Missouri Republican Gov. Eric Greitens courted controversy and touched off political disputes even before acknowledging an extramarital affair that led to his indictment in February on a felony invasion of privacy charge and a blistering report from a state House investigatory committee this week.

Greitens had been a rising star in the national Republican Party and a welcome partner for state GOP lawmakers, whose favored policies had faced a Democratic governor’s veto until Greitens’ election in 2016. He also seemed to have his sights set on even higher office, having secured the web address EricGreitensforPresident.com years before running for governor.

But he also made missteps as a first-time candidate and then as a freshman governor, raising questions in particular about secrecy.

On Wednesday a special legislative committee released a graphic report in which a woman testified that Greitens spanked, slapped, grabbed, shoved and threatened her during a series of sexual encounters that at times left her crying and afraid. Greitens has called it an “entirely consensual relationship.”

He faces a criminal charge over allegations that he took a nonconsensual photo of the woman when she was partly naked. He has denied any criminal wrongdoing . A trial is set for May 14.

Here is a look at some other notable hiccups during Greitens’ first campaign and first year in office:


While running for governor, Greitens repeatedly touted his volunteer work with refugees in the Balkans in 1994, saying he helped children in Bosnia, where thousands died amid ethnic strife following the collapse of the former Yugoslavia. He later acknowledged that most of the work was in safer, neighboring Croatia. Asked about the word choice, Greitens told The Associated Press that people recognized what happened in Bosnia and understood working with Bosnian refugees.
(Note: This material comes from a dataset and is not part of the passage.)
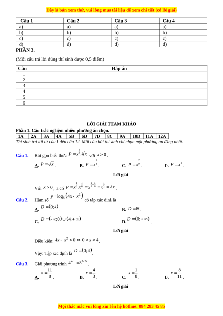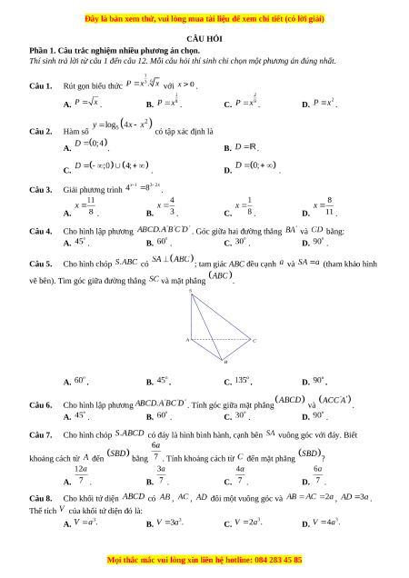 Thí sinh trả lời từ câu 1 đến câu 12. Mỗi câu hỏi thí sinh chỉ chọn một phương án đúng nhất. Câu 1. Rút gọn biểu thức với . A. . B. . C. . D. . Câu 2. Hàm số có tập xác định là A. . B. . C. . D. . Câu 3. Giải phương trình . A. . B. . C. . D. . Câu 4. Cho hình lập phương

But the choice also may have had a political advantage: Missouri has a large population of Bosnian refugees.


Greitens’ campaign for governor had access to the donor list for The Mission Continues, a veterans’ charity he founded, and raised $2 million from individuals and entities that had given the charity significant contributions. Democrats said it was the kind of insider politics that Greitens decried in his campaign, and the chairman of the state party filed an ethics complaint contending he should have disclosed the list as an in-kind contribution.

Greitens initially denied using the charity’s list for fundraising, then belatedly reported it as an in-kind contribution. He paid a $100 fine.
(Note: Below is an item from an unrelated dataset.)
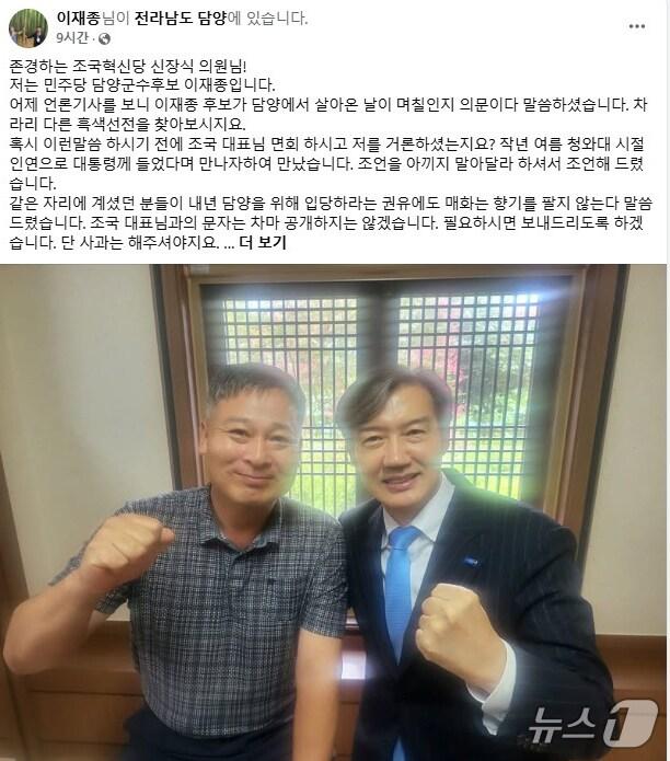 신장식 혁신당 의원 "민주당 후보, 담양에서 살아온날 며칠이나 되나"이재종 민주당 후보 "마타도어 대변말고 담양 위해 뭘 할지 대변해야"이재종 담양군수 후보 페이스북 캡처./뉴스1 2025.3.17/뉴스1 ⓒ News1 박준배 기자관련 키워드담양군수 재선거민주당조국혁신당신장식이재종관련 기사조국 "광주시장 염두에 둔 후보 있다…기초의회 집중공략"(종합)'혁신당 유일 단체장' 담양군수 수성 vs 민주당 탈환김영록 전남도지사 '3선' 성공할까? 민주당 국회의원들 도전 '거세'대통령 타운홀미팅 후 '눈물' 강기정 시장 "토론 자신 있었는데"'혁신당 1호 단체장' 정철원 군수 "조국 사면, 호남 정치 바꾼다"

Federal law prohibits charities such as The Mission Continues from intervening in political campaigns on behalf of candidates. The IRS has said charities cannot give their donor lists away but can rent them at fair market value if they’re available to all candidates.

In March, the AP reported that Greitens had used an email address for The Mission Continues to arrange political meetings as he prepared to launch his campaign. Experts on rules governing nonprofits told the AP that a scenario such as Greitens’ use of the charity’s email account could cross the line of what’s allowed, though they said that line is not clearly defined.

Attorney General Josh Hawley is investigating The Mission Continues as it relates to the state’s consumer protection and charitable registration and reporting laws.


During his campaign, Greitens emphasized how he started The Mission Continues with combat pay from a tour in Iraq, and he initially worked for the charity without pay. But as donations rose, he started taking a salary, and it hit $175,000 in 2011 — above the median for nearly 240 medium-sized charities in the Midwest, though not extravagant, according to analysts.

Greitens’ Democratic opponent suggested in an ad that the Republican was diverting money that was supposed to be used to help veterans.


Greitens made fighting corruption and making ethics reforms a key part of his successful campaign for governor. Once elected, he broke with tradition by refusing to disclose the amount of the donations to his inaugural festivities. Democratic legislators said the move could allow him to hide any conflicts of interest.


Within weeks of Greitens taking office, his campaign treasurer founded a nonprofit group to promote the new governor’s agenda. The group can take an unlimited amount of money from donors and it does not have to reveal who is contributing.

Separately, Greitens received a contribution of nearly $2 million for his campaign from a super PAC with only a single, mystery group as a donor.


The state attorney general’s office reviewed Greitens’ and some of his staff’s use of a secretive app that deletes messages after they’re read. The Confide app also prevents recipients from saving, forwarding, printing or taking screenshots of messages. Government-transparency advocates worry that use of the app could undermine open-record laws. Hawley’s office found no evidence of wrongdoing after Greitens’ staff indicated he might invoke executive privilege to avoid being interviewed and others said they didn’t use the app for substantive government business. A lawsuit filed by an open government activist is pending.


Greitens worked for months to appoint five new members to the eight-member State Board of Education and engineer its firing in December of the state’s education commissioner. The effort drew strong criticism from some educators and lawmakers, who praised former Commissioner Margie Vandeven’s work. Greitens was never clear about what Vandeven had done wrong; critics said the move interfered with the independence of the school board. In part because of a dispute with lawmakers over the tactics Greitens used to oust Vandeven, the state board lacks a quorum and has not been able to hire someone to replace her.